To boot Grub with Secure Boot, all the needed modules needs to be compiled into the binary before signing. This can be done with grub-mkstandalone
or passing modules to grub-install
.
(Work in progress)
Option ROM is firmware that resides on expansion cards on the system which is loaded during boot. These files can contain firmware for graphics cards, storage devices and other PCI cards. UEFI includes these files as part of the Secure Boot chain and any failure to validate this ROM file is going to prevent loading the given hardware.
These files are usually signed by the Microsoft Corporation UEFI CA 2011
.
The image below displays the process in a simplified fashion.
The effect of this, depending on the hardware, is essentially "soft bricking" the device. If you don't have any iGPU but your nvidia card has Option ROM that fails to validate, you might not have any way to display graphics. This would prevent you from turning off secure boot.
One can figure out if these files are part of your bootchain by utilizing the Trusted Platform Module (TPM). It provides an eventlog which should record all of the Option ROM loaded during boot. These are recorded as EFI_BOOT_SERVICE_DRIVER
and can be parsed using tpm2_eventlog
from the tpm2-tools project.
$ cp /sys/kernel/security/tpm0/binary_bios_measurements eventlog
$ tpm2_eventlog eventlog | grep "BOOT_SERVICES_DRIVER"
EventType: EV_EFI_BOOT_SERVICES_DRIVER
EventType: EV_EFI_BOOT_SERVICES_DRIVER
EventType: EV_EFI_BOOT_SERVICES_DRIVER
EventType: EV_EFI_BOOT_SERVICES_DRIVER
EventType: EV_EFI_BOOT_SERVICES_DRIVER
EventType: EV_EFI_BOOT_SERVICES_DRIVER
EventType: EV_EFI_BOOT_SERVICES_DRIVER
EventType: EV_EFI_BOOT_SERVICES_DRIVER
EventType: EV_EFI_BOOT_SERVICES_DRIVER
EventType: EV_EFI_BOOT_SERVICES_DRIVER
EventType: EV_EFI_BOOT_SERVICES_DRIVER
(Example with Option ROM present)
If there is Option ROM in your bootchain there are two ways one can solve this:
- Enroll the
Microsoft Corporation UEFI CA 2011
file. - Read the checksums from the TPM eventlog.
These entries from the TPM Evetlog also has a checksum that corresponds to the firmware, and the UEFI signature database (the db
variable) allows x509 certificates and checksum, one can take the checksums from the log and enroll them along with any self-created Platform keys.
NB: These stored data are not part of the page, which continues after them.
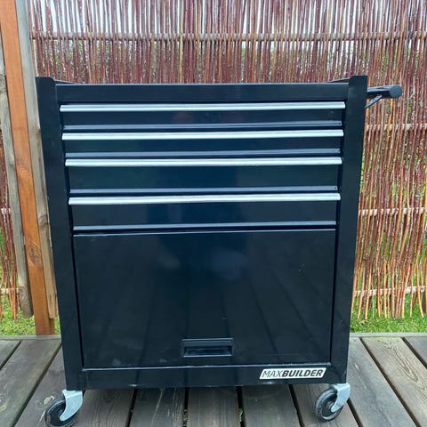 Hazet Assistent værktøjsvogn med flere skuffer i blå og sort farve. Værktøjsvognen har hjul og flere opbevaringsrum, der gør det muligt at organisere og transportere værktøj effektivt.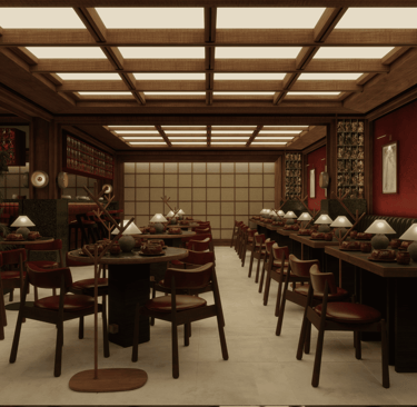 Una experiencia gastronómica única y envolvente. La combinación de la cultura nipona con influencias modernas da vida a un ambiente oriental donde cada detalle cuenta. Desde la disposición de los muebles hasta la elección de los materiales, cada aspecto está diseñado para crear una atmósfera cálida y acogedora.
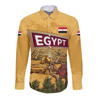 Egyptian Pyramids and Anubis Long Sleeve Button Shirt with Camel Caravan Desert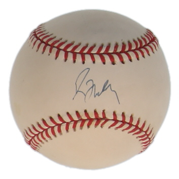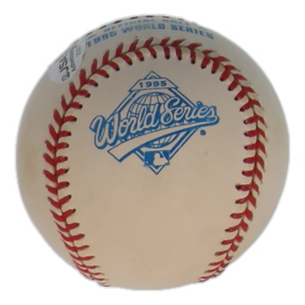 Rawlings Official 1995 World Series Baseball. Hand-signed by Greg Maddux (Atlanta Braves, HOF). Please note, the baseball is naturally toned and stained.

However this should be considered experimental at best.
The safe option is to just enroll the Microsoft CA, despite the valid criticisms against the hold Microsoft has over the Secure Boot platform keys on modern computers.
sbctl
will strive to guide the user and implement any workarounds to the Microsoft CA where possible.